Expert: Brian Benosky - 2/24/2009

Question
QUESTION: My issue is similar to the one described here:http://en.allexperts.com/q/Computer-Security-Viruses-1737/2009/1/windows-xp-wont but I cannot solve it the way you described.

One day I went to use the computer and about 20 spam sites were open on both IE and Mozilla. I closed them all. Soon after I got a blue screen. I restarted the computer and everything was fine. Over the next couple weeks when I would use the internet with Mozilla, random spam sites would pop up in separate windows. This had never happened with Mozilla before. Additionally, I would have repeated trouble logging into the computer. I would type in my password at the welcome screen and then all I would see is my wallpaper. I could then restart it and try again. After a few attempts it would eventually login and everything would be fine. I recieved a couple non-consective blue screens over the course of about 3 weeks. Over that time the computer would freeze more often and I would have more trouble logging in.

As soon as the incident happened I scanned for viruses. I was able to find a few and some trojans as well. I did a few more sweeps and I even downloaded some free anti-virus software to try and fix the problem. Though I found some things, it didn't get any better.

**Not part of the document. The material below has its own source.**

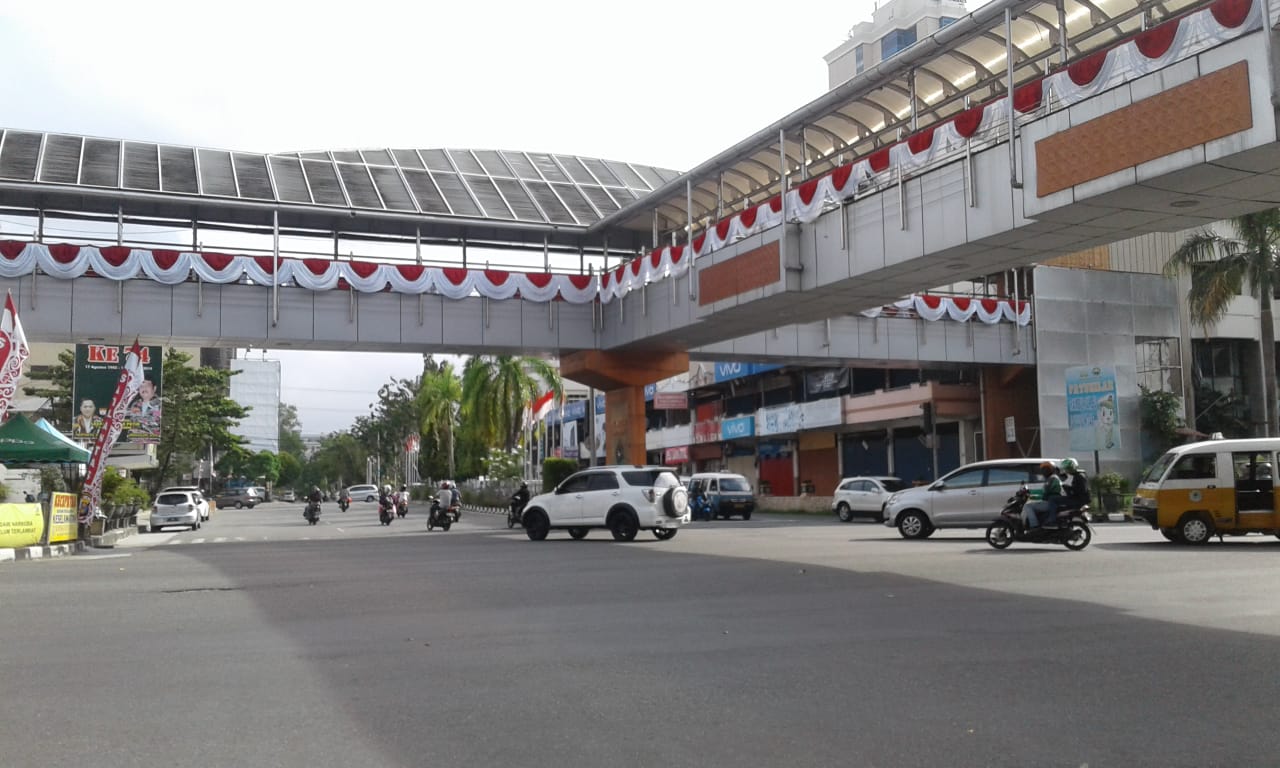 Kondisi Jembatan Penyeberangan Orang di kawasan pusat bisnis Kota Balikpapan tepatnya di Plaza Balikpapan, Jl Jenderal Sudirman, Kota Balikpapan Provinsi Kalimantan Timur pada Rabu (28/8/2019) pagi.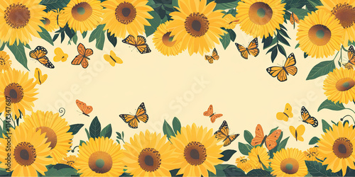Sunflowers Butterflies Summer Floral Border Nature Background

At this point, I cannot log into the computer. It boots up normal, but at the welcome/login screen I get a variety of error messages. They are all the same format with an option for OK to terminate the program or CANCEL to debug. The error messages all relate to .exe files including svchost, ctsvccda, mspmspsv, and more. Different ones come up at different restarts. Once I enter the password and log in, it takes much longer than normal to load, then it shows my wallpaper and nothing more. No taskbar or icons. There is an error message saying Windows Operating System has encountered a problem and needs to close. I can select debug, send error report, or don't send. I have tried safe mode and the same thing happens except I get a black screen with safe mode in the corners. I have tried to run IE and that does not work. I have not been able to run any programs from this point.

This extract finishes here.